- REQUIREMENT -
Word for word, reproduce the records, keeping none of the pictures.

_ _ _

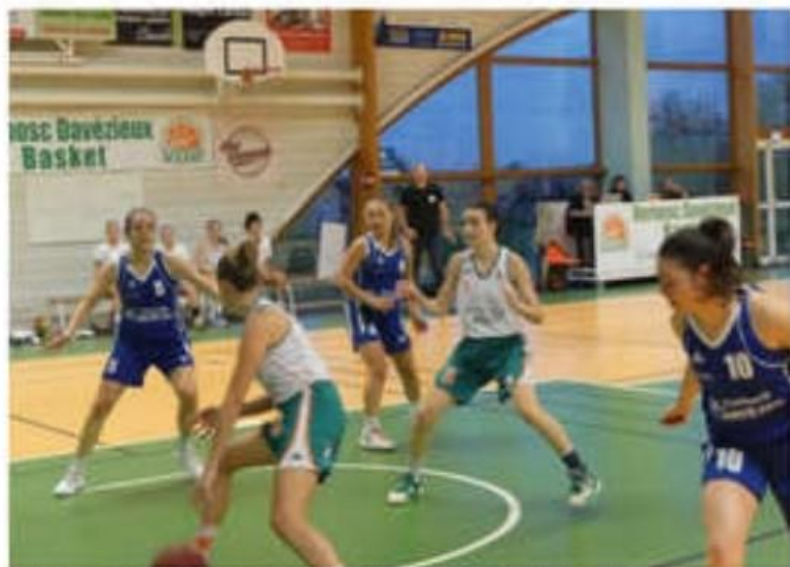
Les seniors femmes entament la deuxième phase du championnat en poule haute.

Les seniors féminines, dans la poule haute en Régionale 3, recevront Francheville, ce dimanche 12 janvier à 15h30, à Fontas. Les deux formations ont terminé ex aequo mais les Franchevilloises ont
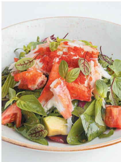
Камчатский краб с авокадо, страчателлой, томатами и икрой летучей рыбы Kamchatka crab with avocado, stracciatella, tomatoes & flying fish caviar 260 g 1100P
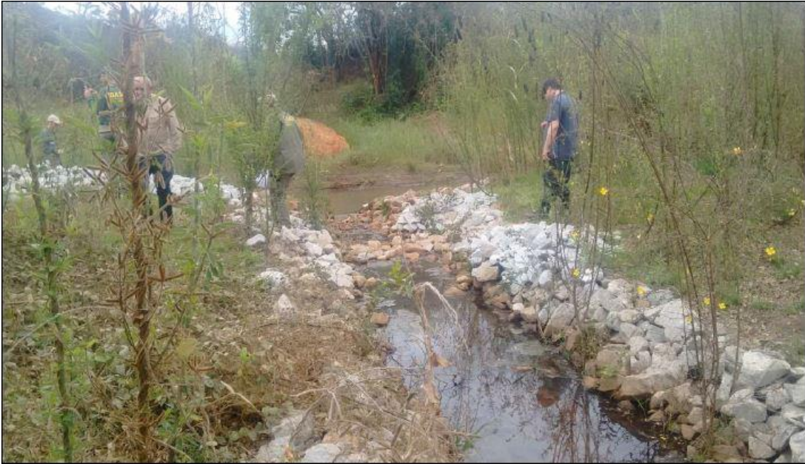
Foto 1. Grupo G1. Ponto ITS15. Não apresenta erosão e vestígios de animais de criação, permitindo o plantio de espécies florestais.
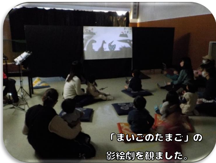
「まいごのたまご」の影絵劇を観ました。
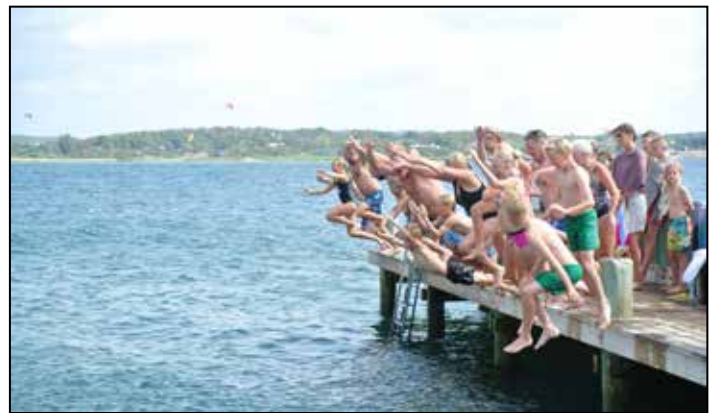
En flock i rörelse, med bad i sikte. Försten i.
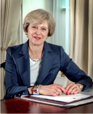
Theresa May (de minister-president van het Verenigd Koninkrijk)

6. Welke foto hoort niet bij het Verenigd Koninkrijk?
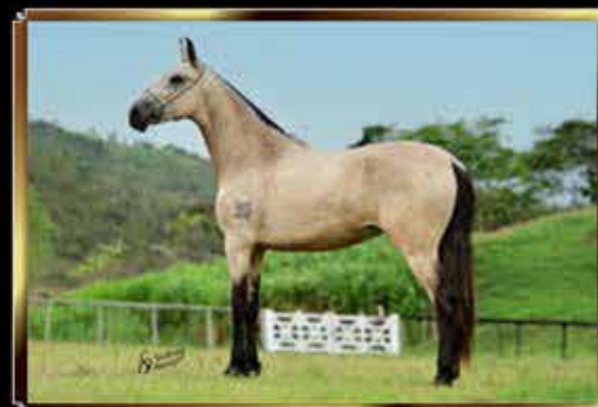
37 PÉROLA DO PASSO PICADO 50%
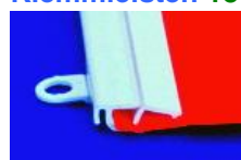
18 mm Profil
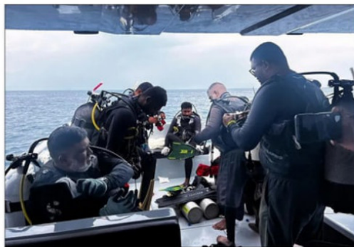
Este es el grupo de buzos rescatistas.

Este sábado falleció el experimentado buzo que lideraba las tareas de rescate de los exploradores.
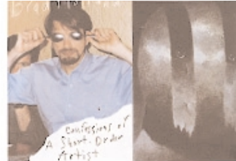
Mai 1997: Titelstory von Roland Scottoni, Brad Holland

_ _ _

- WRITTEN RESPONSE -
Les seniors femmes entament la deuxième phase du championnat en poule haute.

Les seniors féminines, dans la poule haute en Régionale 3, recevront Francheville, ce dimanche 12 janvier à 15h30, à Fontas. Les deux formations ont terminé ex aequo mais les Franchevilloises ont
Камчатский краб с авокадо, страчателлой, томатами и икрой летучей рыбы Kamchatka crab with avocado, stracciatella, tomatoes & flying fish caviar 260 g 1100P
Foto 1. Grupo G1. Ponto ITS15. Não apresenta erosão e vestígios de animais de criação, permitindo o plantio de espécies florestais.
「まいごのたまご」の影絵劇を観ました。
En flock i rörelse, med bad i sikte. Försten i.
Theresa May (de minister-president van het Verenigd Koninkrijk)

6. Welke foto hoort niet bij het Verenigd Koninkrijk?
37 PÉROLA DO PASSO PICADO 50%
18 mm Profil
Este es el grupo de buzos rescatistas.

Este sábado falleció el experimentado buzo que lideraba las tareas de rescate de los exploradores.
Mai 1997: Titelstory von Roland Scottoni, Brad Holland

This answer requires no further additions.